Robinson nodded his understanding and agreement. Moreover, it would be months before the ship would be able to take orbit around the target world. He had great respect for the position-or at least for the power- of the clergy of Earth, but really didn't want them for company for all that time. The representative of the caliph of Rome, in particular, grew tiresome very quickly, despite the body she would share gleefully and for the asking.
And on that not entirely happy thought, Robinson considered inviting the captain, once again, to his bed.
It would be a long braking maneuver before the ship assumed orbit and, while he could, by right and tradition, bed any female of the crew he wished, he had found the captain's technique most agreeable, especially in low gravity. Wallenstein would make Peace 's long descent to the planet something other than a trial.
Peace was one of thirty-three ships now in system. Four of these were of the same, Spirit, class. Another twenty-three were of one of the older but similar classes. The Spirits were slightly larger than the rest, but only slightly.

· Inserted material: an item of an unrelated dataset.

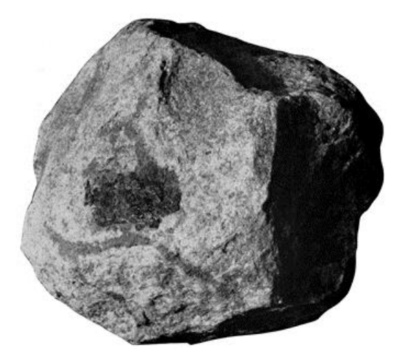
Figure 2. Subspheroid with apparent dot-and-undulating-line motif framed in hexagon shape, MNK Main, Olduvai Gorge, around 1.5 million years ago (reproduced with permission from Cambridge University Press, Mary Leakey 1971).

The mineralogy of this artifact needs identification and its lithic classification reconsidered based on more recent studies critiquing Leakey's "subspheroid" category (Mora 2005; de la Torre 2009–2010) [72,85]. In addition to its unusual weight and size dimensions, I observe that it has on its surface apparent natural markings, a dot and an undulating line. These marks need to be re-examined to determine to what extent they are natural, the result of intact or eroded mineral inclusion or some sort of applied pigment. The marks appear framed by the hexagonal shape around the circumference of the object. Research is needed to determine if the hexagon shape is natural, the accidental by-product of battering or the result of intentionally removing six flakes, thus forming the hexagonal shape, or some combination of these alternatives. If verified as non-utilitarian, intentional working of the stone, this would be a second example of Oldowan palaeoart, a geometric artifact with a glyph-like motif, and the pattern of marking motifs could be compared to the "cupule and undulating line" petroglyph made from the Acheulian or Oldowan level in Auditorium Cave, Bhimbetka, India, noted above.

They were ovoid, at just under two hundred meters across and three hundred long. Their silvery skin shone when the sun was just right. Only on closer inspection could one see that the apparently smooth surfaces were pocked with the marks of hundreds, or in some cases thousands, of strikes by astral debris.
Still, at a distance the ships-all twenty-seven that could be seen from below by the locals if the locals used powerful telescopes, as some did-seemed pristine, powerful and invulnerable.
Only one of the petty states that infested the surface of the planet below had made any effort to match the power of the majestic and apparently invulnerable fleet. Just how successful that attempt had been was a matter of considerable conjecture, both above and below.